Tais impactos foram incluídos no Anexo da Lei Orçamentária Anual, enviado ao Congresso em 31 de agosto de 2017, na forma do Item XXVIII – demonstrativo com as medidas de compensação às renúncias de receitas, conforme disposto no inciso II do art. 5º da Lei de Responsabilidade Fiscal”, mas com os seguintes valores, apenas:
Note-se que aquilo que o Governo aponta, na Exposição de Motivos, em 2018 e 2019, como ingressos (receitas), decorrente do art. 2º, da ordem de R$ 270 e 283 milhões, no demonstrativo que acompanha o PLOA 2018 é contabilizado como renúncia fiscal, ou seja, impactando negativamente, e não positivamente, as receitas públicas.

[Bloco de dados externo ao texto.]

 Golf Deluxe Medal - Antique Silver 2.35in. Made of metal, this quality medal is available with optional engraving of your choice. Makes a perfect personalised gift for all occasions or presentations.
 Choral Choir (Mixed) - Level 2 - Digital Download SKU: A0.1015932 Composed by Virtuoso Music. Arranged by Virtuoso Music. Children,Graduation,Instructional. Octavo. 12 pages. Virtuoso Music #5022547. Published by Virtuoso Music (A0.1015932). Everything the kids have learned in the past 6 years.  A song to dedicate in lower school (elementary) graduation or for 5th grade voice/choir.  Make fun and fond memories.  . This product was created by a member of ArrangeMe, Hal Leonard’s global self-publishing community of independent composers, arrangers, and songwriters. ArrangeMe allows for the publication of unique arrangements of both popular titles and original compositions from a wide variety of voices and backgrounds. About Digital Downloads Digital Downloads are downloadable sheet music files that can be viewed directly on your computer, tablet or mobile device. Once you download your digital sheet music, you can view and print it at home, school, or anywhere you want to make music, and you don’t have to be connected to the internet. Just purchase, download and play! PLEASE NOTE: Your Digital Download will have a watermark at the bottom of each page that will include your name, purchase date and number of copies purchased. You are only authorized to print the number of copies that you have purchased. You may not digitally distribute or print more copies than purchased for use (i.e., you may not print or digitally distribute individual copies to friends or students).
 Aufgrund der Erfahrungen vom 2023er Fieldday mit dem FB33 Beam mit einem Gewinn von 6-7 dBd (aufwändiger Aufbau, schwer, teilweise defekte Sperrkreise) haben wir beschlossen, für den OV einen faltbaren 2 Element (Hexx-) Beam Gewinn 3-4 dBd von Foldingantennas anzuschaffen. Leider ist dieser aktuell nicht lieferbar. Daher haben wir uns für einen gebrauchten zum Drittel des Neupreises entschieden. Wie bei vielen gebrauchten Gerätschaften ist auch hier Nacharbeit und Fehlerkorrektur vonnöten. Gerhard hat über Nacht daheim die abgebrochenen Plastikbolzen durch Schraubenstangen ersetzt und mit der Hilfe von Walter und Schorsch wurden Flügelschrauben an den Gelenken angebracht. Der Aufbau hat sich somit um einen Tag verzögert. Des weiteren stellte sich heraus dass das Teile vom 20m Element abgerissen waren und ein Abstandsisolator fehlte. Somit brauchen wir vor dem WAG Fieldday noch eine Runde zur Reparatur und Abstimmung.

No que toca à adequação financeira da proposição, a Consultoria de Orçamento e Fiscalização Financeira da Câmara dos Deputados emitiu a Nota Técnica nº 39/2017, em que consigna:
“37. Dentre as opções dadas pela Lei de Responsabilidade Fiscal para que seja instituída renúncia de receita, o Poder Executivo optou pela constante do lnc. I do art. 14 da LRF, ao incluir na Medida Provisória o art. 9° prevendo que o montante da renúncia fiscal decorrente da aplicação do disposto nos § 2° a § 4° do art. 1°, e nos art. 3°, art. 5° e art. 6° desta Medida Provisória será incluído no demonstrativo a que se refere o § 6° do art. 165 da Constituição que acompanhar o projeto de lei orçamentária anual e fará constar das propostas orçamentárias subsequentes os valores relativos à referida renúncia.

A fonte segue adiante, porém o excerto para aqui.